> **Work to be completed**
Each line of the records has to be copied exactly, though the pictures must be left out.

(Excerpts from a dataset)
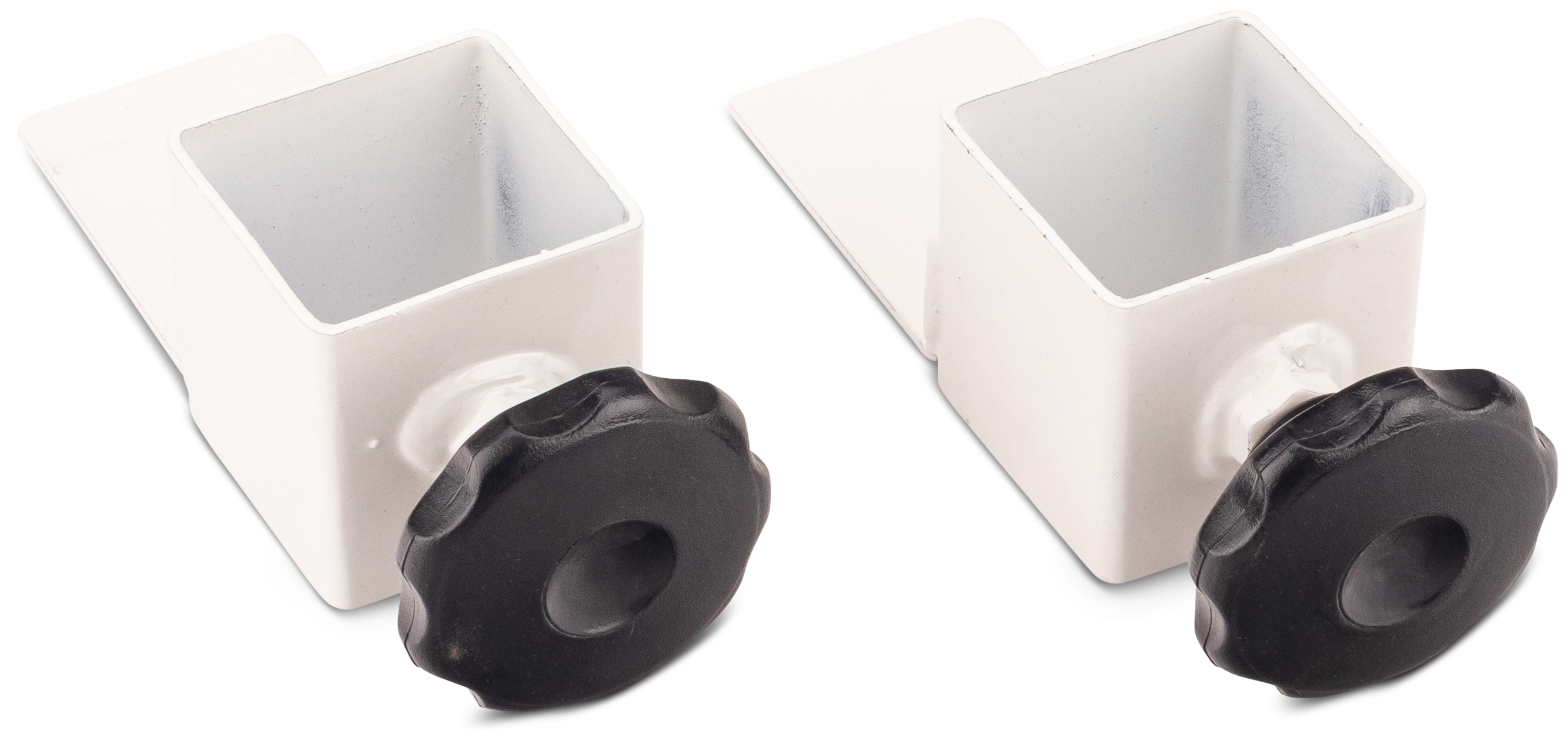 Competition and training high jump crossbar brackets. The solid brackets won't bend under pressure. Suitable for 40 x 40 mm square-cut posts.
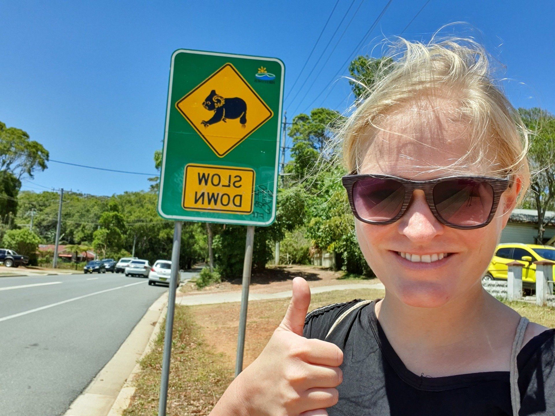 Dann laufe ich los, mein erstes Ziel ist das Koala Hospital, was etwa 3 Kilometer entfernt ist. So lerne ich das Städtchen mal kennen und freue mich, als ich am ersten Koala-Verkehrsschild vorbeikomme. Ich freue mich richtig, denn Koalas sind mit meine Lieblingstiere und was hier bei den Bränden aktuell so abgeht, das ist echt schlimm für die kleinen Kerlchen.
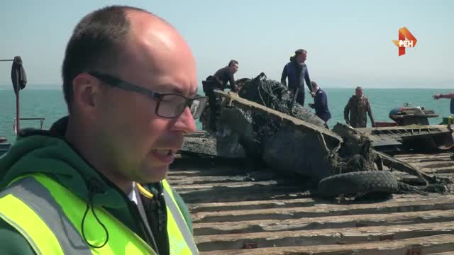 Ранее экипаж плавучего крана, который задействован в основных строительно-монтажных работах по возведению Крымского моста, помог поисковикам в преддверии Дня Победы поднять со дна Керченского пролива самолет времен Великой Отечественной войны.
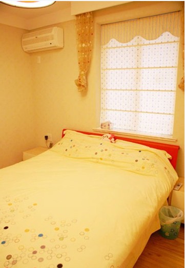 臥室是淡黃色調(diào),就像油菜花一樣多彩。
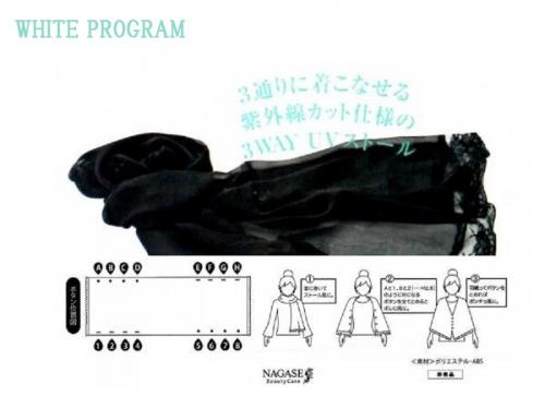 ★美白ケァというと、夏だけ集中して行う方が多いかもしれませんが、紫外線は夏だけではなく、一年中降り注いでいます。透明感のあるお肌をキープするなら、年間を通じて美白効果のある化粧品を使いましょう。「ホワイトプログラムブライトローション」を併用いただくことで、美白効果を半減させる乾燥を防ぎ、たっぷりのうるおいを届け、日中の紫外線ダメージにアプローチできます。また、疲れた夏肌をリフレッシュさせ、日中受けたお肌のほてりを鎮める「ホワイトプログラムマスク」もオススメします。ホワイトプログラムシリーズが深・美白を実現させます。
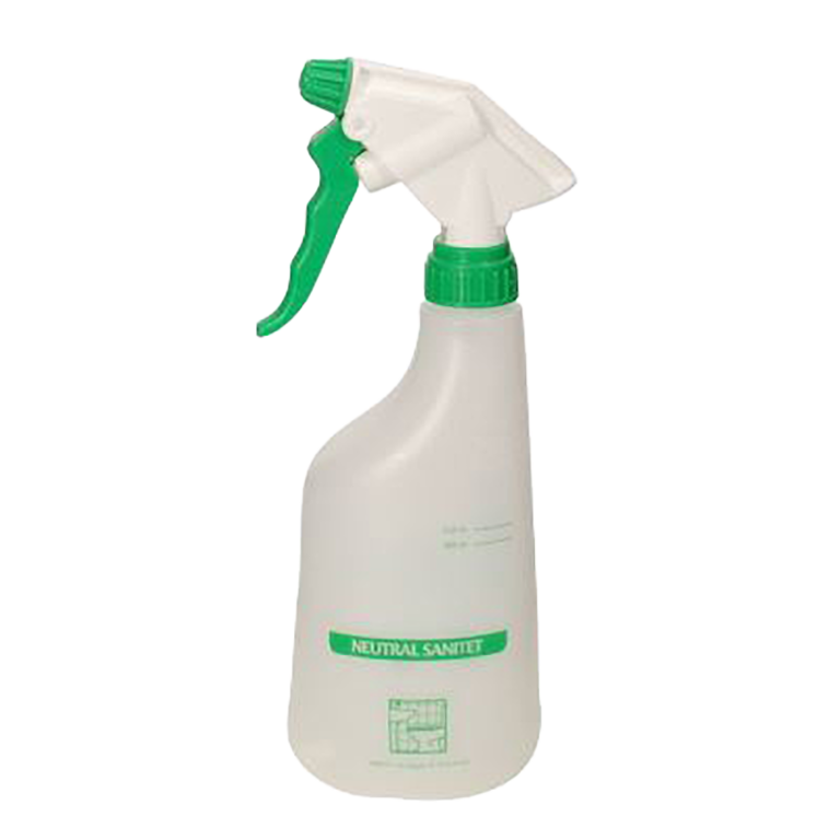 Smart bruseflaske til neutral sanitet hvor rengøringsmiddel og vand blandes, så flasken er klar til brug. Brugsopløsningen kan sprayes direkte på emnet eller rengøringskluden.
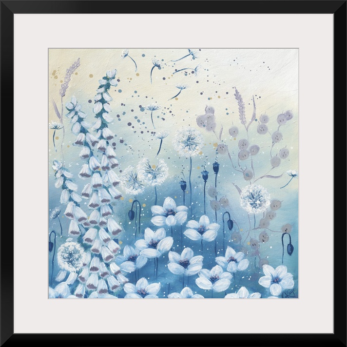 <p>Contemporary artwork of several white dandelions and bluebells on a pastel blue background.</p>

> **Finished exercise**
 Competition and training high jump crossbar brackets. The solid brackets won't bend under pressure. Suitable for 40 x 40 mm square-cut posts.
 Dann laufe ich los, mein erstes Ziel ist das Koala Hospital, was etwa 3 Kilometer entfernt ist. So lerne ich das Städtchen mal kennen und freue mich, als ich am ersten Koala-Verkehrsschild vorbeikomme. Ich freue mich richtig, denn Koalas sind mit meine Lieblingstiere und was hier bei den Bränden aktuell so abgeht, das ist echt schlimm für die kleinen Kerlchen.
 Ранее экипаж плавучего крана, который задействован в основных строительно-монтажных работах по возведению Крымского моста, помог поисковикам в преддверии Дня Победы поднять со дна Керченского пролива самолет времен Великой Отечественной войны.
 臥室是淡黃色調(diào),就像油菜花一樣多彩。
 ★美白ケァというと、夏だけ集中して行う方が多いかもしれませんが、紫外線は夏だけではなく、一年中降り注いでいます。透明感のあるお肌をキープするなら、年間を通じて美白効果のある化粧品を使いましょう。「ホワイトプログラムブライトローション」を併用いただくことで、美白効果を半減させる乾燥を防ぎ、たっぷりのうるおいを届け、日中の紫外線ダメージにアプローチできます。また、疲れた夏肌をリフレッシュさせ、日中受けたお肌のほてりを鎮める「ホワイトプログラムマスク」もオススメします。ホワイトプログラムシリーズが深・美白を実現させます。
 Smart bruseflaske til neutral sanitet hvor rengøringsmiddel og vand blandes, så flasken er klar til brug. Brugsopløsningen kan sprayes direkte på emnet eller rengøringskluden.
 <p>Contemporary artwork of several white dandelions and bluebells on a pastel blue background.</p>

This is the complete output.